Finding the minimum distance between two curves

[Charles Link]

TL;DR

The problem is to compute the minimum distance between the two curves y=4-x^2 and y=(x-3)^2 in two dimensions.

The other day a friend of mine gave me the above problem which I found rather interesting. I was able to get a numerical solution. I'll post how I solved it later in the thread. Others may want to try it and see what they come up with.

 

[anuttarasammyak]

Square of the distance is
$$L^2=(y_1-y_2)^2+(x_1-x_2)^2=(4-x_1^2-(x_2-3)^2)^2+(x_1-x_2)^2$$
The condition of minimum is
$$\frac{\partial L^2}{\partial x_1}=\frac{\partial L^2}{\partial x_2}=0$$
Intersection of these two curves would give an answer.

 

[Charles Link]

@anuttarasammyak That's one part of what I did to solve it. Those two partial derivative expressions are really too clumsy to solve exactly. I used them though by getting an approximate $x$ for where the two $x$ values occur by first solving for the $x$ where the vertical distance is a minimum. That turns out to be at $x=3/2$.
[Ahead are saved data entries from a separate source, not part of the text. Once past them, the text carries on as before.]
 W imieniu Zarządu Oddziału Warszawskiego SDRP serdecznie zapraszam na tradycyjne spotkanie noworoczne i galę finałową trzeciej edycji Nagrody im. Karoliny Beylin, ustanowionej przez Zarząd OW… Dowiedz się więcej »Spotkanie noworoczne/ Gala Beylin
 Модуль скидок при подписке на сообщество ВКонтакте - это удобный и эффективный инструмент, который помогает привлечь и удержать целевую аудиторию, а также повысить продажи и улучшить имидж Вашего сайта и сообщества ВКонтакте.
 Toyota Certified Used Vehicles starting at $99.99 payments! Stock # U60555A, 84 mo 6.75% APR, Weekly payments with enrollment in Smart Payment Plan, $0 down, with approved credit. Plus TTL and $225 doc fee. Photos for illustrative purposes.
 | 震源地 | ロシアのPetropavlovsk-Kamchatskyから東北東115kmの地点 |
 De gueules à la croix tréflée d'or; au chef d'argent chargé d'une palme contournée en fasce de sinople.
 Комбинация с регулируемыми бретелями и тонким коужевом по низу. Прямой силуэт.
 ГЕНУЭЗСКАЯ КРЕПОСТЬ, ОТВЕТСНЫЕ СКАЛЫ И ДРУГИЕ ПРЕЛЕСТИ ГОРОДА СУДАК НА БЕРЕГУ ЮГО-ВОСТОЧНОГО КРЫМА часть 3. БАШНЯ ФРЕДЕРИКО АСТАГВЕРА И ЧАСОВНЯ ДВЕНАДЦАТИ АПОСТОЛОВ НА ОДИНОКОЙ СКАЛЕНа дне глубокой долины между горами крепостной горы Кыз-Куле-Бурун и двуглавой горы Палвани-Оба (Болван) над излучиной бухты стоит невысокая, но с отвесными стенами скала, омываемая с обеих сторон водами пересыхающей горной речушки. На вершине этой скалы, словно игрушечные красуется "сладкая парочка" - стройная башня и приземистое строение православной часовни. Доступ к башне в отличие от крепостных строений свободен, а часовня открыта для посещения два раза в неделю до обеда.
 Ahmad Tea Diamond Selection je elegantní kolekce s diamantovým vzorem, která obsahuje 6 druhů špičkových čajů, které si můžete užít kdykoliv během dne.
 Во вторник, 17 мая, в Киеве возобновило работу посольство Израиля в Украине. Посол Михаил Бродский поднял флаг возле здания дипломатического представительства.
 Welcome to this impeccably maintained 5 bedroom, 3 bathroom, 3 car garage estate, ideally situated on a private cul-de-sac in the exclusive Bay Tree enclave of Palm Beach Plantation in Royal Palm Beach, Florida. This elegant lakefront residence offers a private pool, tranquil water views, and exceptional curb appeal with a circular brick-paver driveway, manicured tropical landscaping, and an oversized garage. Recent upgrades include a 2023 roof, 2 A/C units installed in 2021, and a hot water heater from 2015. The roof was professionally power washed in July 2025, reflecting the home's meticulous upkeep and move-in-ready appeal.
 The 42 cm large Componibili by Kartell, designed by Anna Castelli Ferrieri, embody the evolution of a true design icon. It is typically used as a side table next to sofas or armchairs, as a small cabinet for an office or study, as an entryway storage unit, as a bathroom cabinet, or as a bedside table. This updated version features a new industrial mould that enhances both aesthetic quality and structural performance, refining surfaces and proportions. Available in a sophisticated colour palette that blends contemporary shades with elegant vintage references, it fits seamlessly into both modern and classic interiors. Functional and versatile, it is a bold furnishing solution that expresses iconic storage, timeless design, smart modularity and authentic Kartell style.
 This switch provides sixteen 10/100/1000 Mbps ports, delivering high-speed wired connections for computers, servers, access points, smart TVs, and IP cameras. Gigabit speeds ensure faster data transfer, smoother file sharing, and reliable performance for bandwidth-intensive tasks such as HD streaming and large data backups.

I then let $x_1=3/2+ \Delta_1$ and $x_2=3/2+ \Delta_2$ and solved for $\Delta_ 1$ and $\Delta_2$ to first order using the two partial derivative expressions.

Others may want to try the calculation and/or have alternative ways of solving it, so I'm leaving just a summary of the solution rather than showing all of the details.